Dans une guerre civile d’entreprise, la Voice est dévoyée. Elle ne cherche plus à améliorer l’organisation, mais à disqualifier la faction adverse. La Loyalty (la loyauté envers la mission globale de l’entreprise) disparaît au profit d’une loyauté exclusive envers son clan ou sa direction. Ne reste alors pour les profils pragmatiques ou modérés que l’Exit (le départ), abandonnant le terrain aux seuls doctrinaires.
Le piège du mimétisme (René Girard)
Cette dynamique s’explique par ce que le philosophe René Girard a théorisé sous le nom de rivalité mimétique. La violence la plus féroce ne vient pas de ce que nous sommes profondément différents, mais de ce que nous désirons la même chose (la légitimité, le pouvoir, le contrôle du récit interne).
En se battant, les belligérants deviennent des « jumeaux d’affrontement ». Chaque camp adopte exactement les mêmes comportements toxiques en se dédouanant par l’attitude de l’autre (« Je suis obligé de manœuvrer ainsi parce qu’en face, ils font pire »). Et lorsque la tension devient insupportable, l’organisation cherche souvent à se soulager en désignant un bouc émissaire, un responsable sacrifié pour l’exemple, sans jamais traiter le conflit culturel sous-jacent.
Le rôle du dirigeant
Face à cette menace , quelle doit être la posture du leadership ? Ce que nous apprend l’expérience tient en quatre points simples mais essentiels.
- Refuser la tentation du « Divide et impera » (Diviser pour régner) : Le leader qui instrumentalise les querelles internes pour consolider son pouvoir finit toujours emporté par le chaos qu’il a laissé grandir.
- Reconstituer le Tiers d’Arbitrage : La guerre civile s’installe quand il n’y a plus de juge neutre. Le dirigeant doit s’imposer non comme la partie prenante d’une faction, mais comme le garant impartial de la règle du jeu et de la mission commune.
- Assainir le langage : Comme le notait Thucydide, le premier symptôme de la stasis est la corruption du sens des mots. Le manager doit proscrire la rhétorique des procès d’intention et exiger des faits, des chiffres et des arguments mesurables.
- Instaurer la sécurité psychologique : L’opposé de la guerre civile n’est pas le silence ou le consensus mou, mais le désaccord fécond. Autoriser la contradiction ouverte sur les idées empêche la frustration de fermenter en subversion clandestine.
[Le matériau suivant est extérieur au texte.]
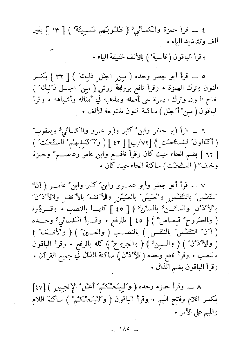 8 - وقرأ حمزة وحده {وَلْيَحْكُمْ أَهْلُ الْإِنْجِيلِ} [47] بكسر اللام وفتح الميم. وقرأ الباقون {وَلْيَحْكُمْ} ساكنة اللام والميم على الأمر.
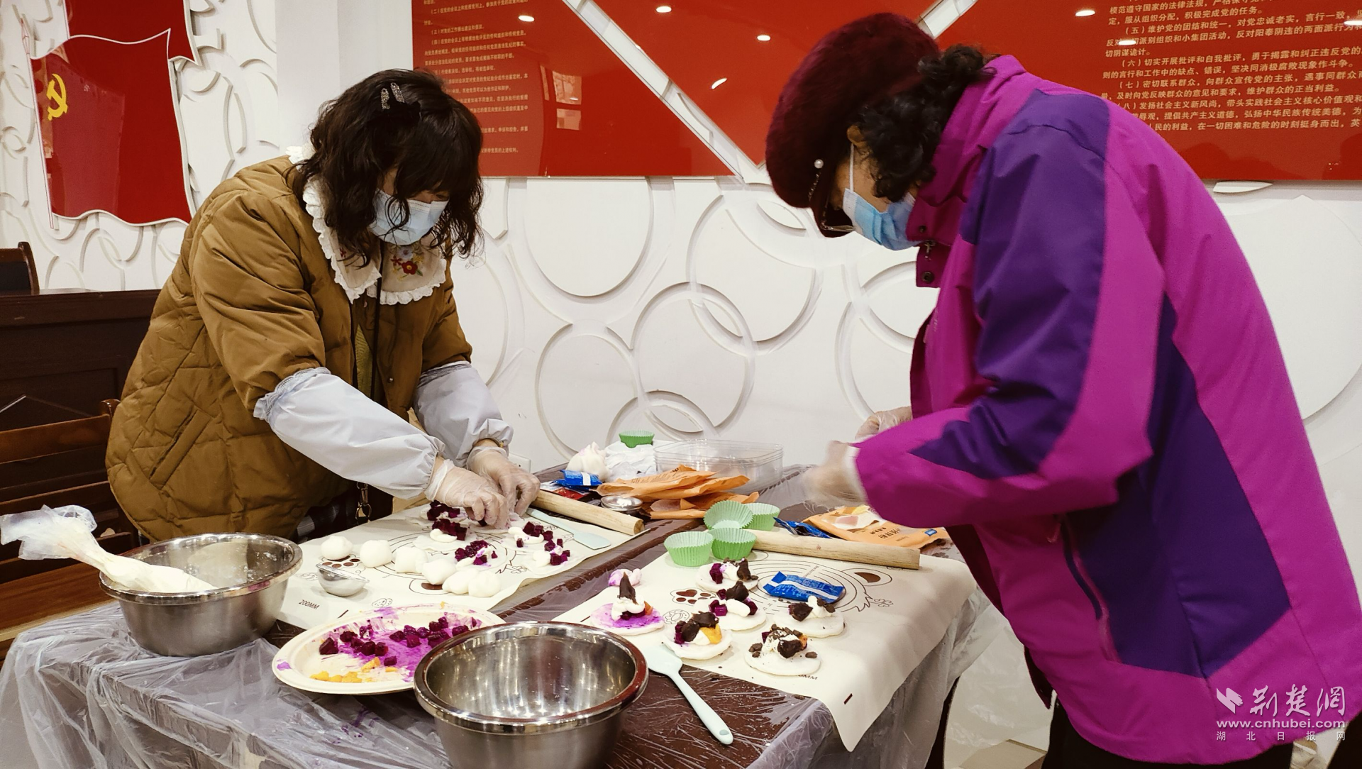 活动最后是雪媚娘制作环节。工作人员在桌上摆放了预拌粉、奶油、各种口味的馅料以及制作工具,并在一旁进行耐心指导。尽管大部分参与者都是初次尝试糕点制作,但他们全身心投入到每一个环节,从揉面、擀皮、挤奶油、包馅再到包装,尽情享受手工制作带来的乐趣。
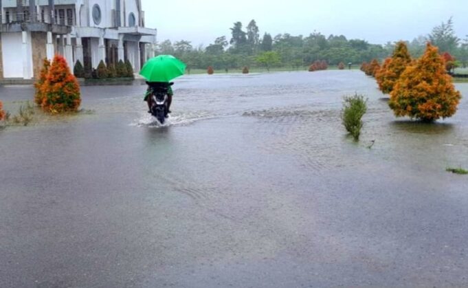 Hujan intensitas deras dengan curah hujan lebih dari 50 mm per jam diprakirakan mengguyur Kota Manado dengan suhu berkisar 24-28 Celcius.
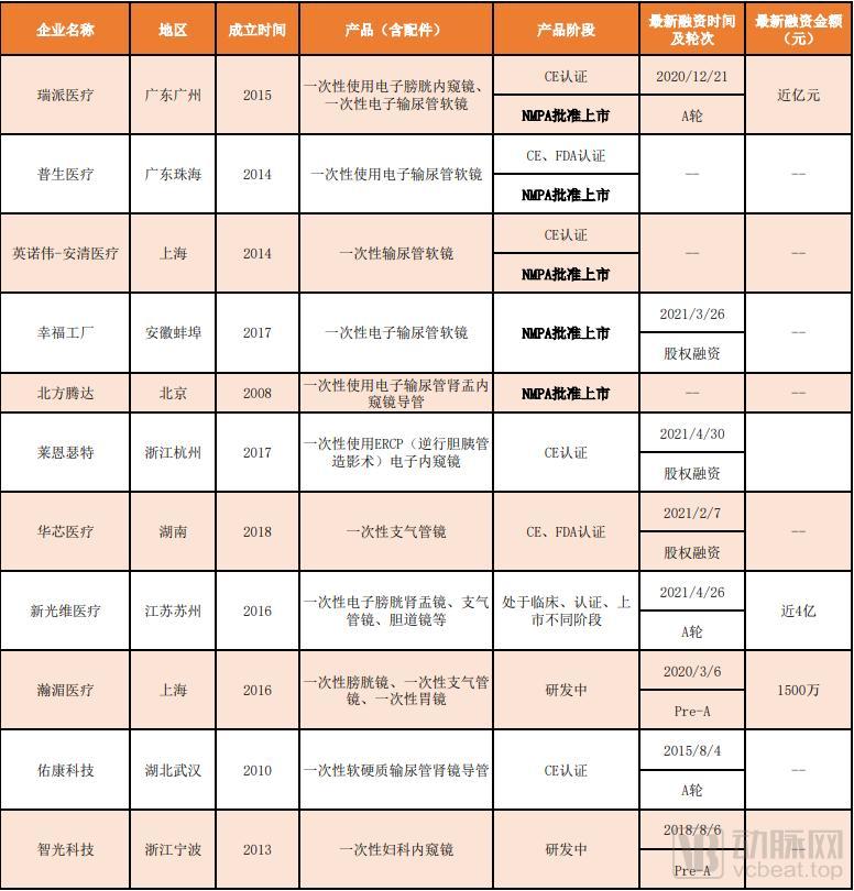目前为止,国内已有5家企业获得了6张国家药品监督管理局(NMPA)注册证,分别是瑞派医疗、普生医疗、英诺伟(子公司-安清医疗)、幸福工厂和北方腾达。其中,瑞派医疗获得两项批准,分别是其一次性电子膀胱内窥镜和一次性电子输尿管软镜。
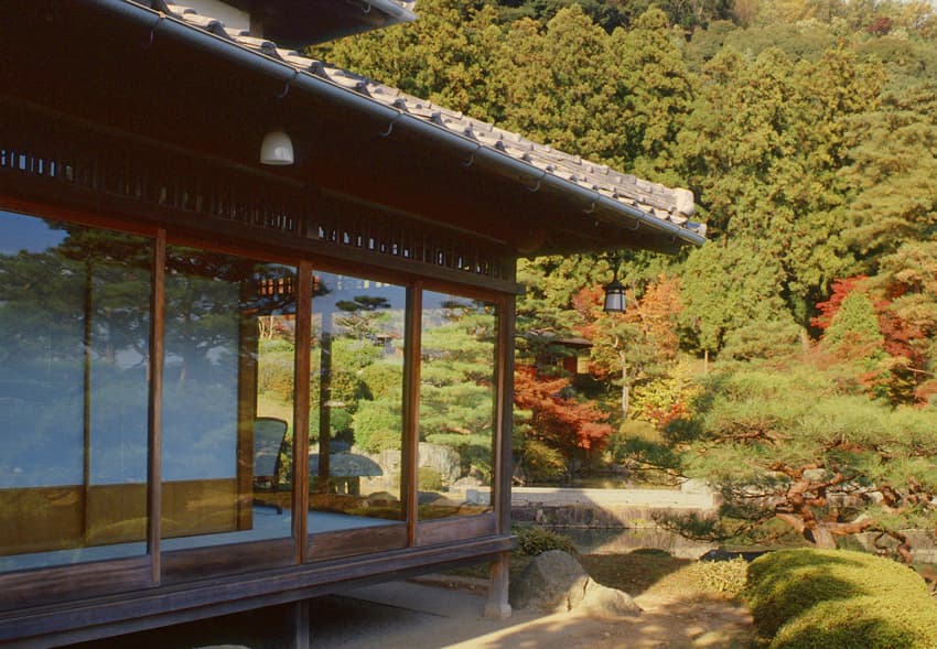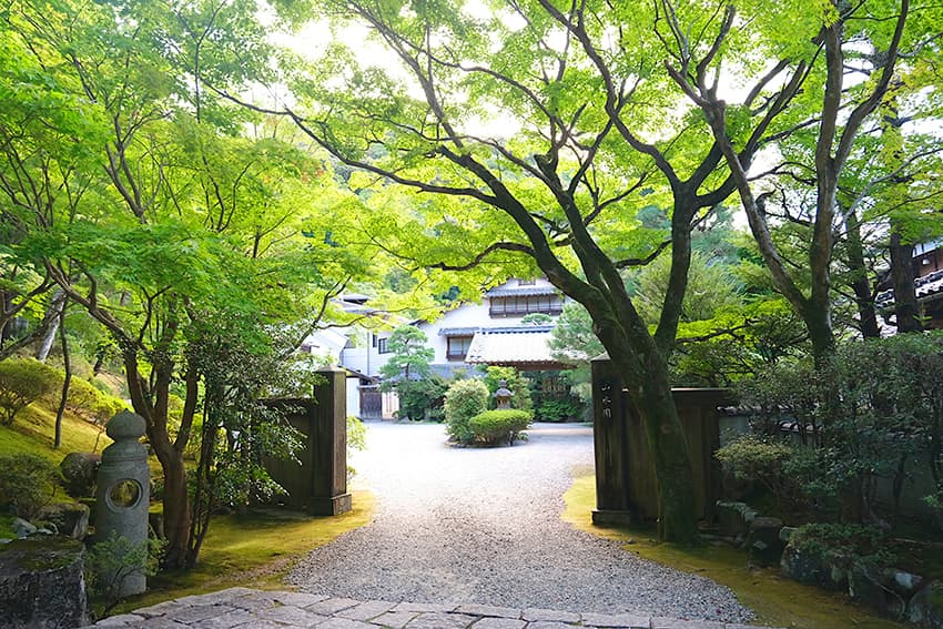 ⼭を借景にした⽇本庭園は、「池泉式回遊式庭園」「枯⼭⽔」「露地(茶室周りの茶庭)」の3つの様式で構成されています。みずみずしい空気感、⾃然が伝えてくれる四季折々の機微、侘び寂びを感じる繊細で美しい設え、⼼落ち着く静かな環境。深い趣が随所に散りばめられて、どこを切り取っても絵になる景⾊。

Conclusion : Garder le cap du bien commun
De la grande Histoire aux réunions de direction, la leçon des guerres civiles est toujours la même : elles ne commencent pas dans la fureur, mais au moment où l’on cesse de partager une réalité commune.
Le rôle de celui qui dirige n’est ni de nier les divergences, ni d’excommunier les opposants. Il est de rappeler sans relâche la raison d’être du collectif, de maintenir l’espace du dialogue et de veiller à ce que la haine du voisin ne vienne jamais remplacer la passion du projet partagé.
C’est aussi ce qui manque parfois (souvent?), dans les débats un peu trop violents de la société.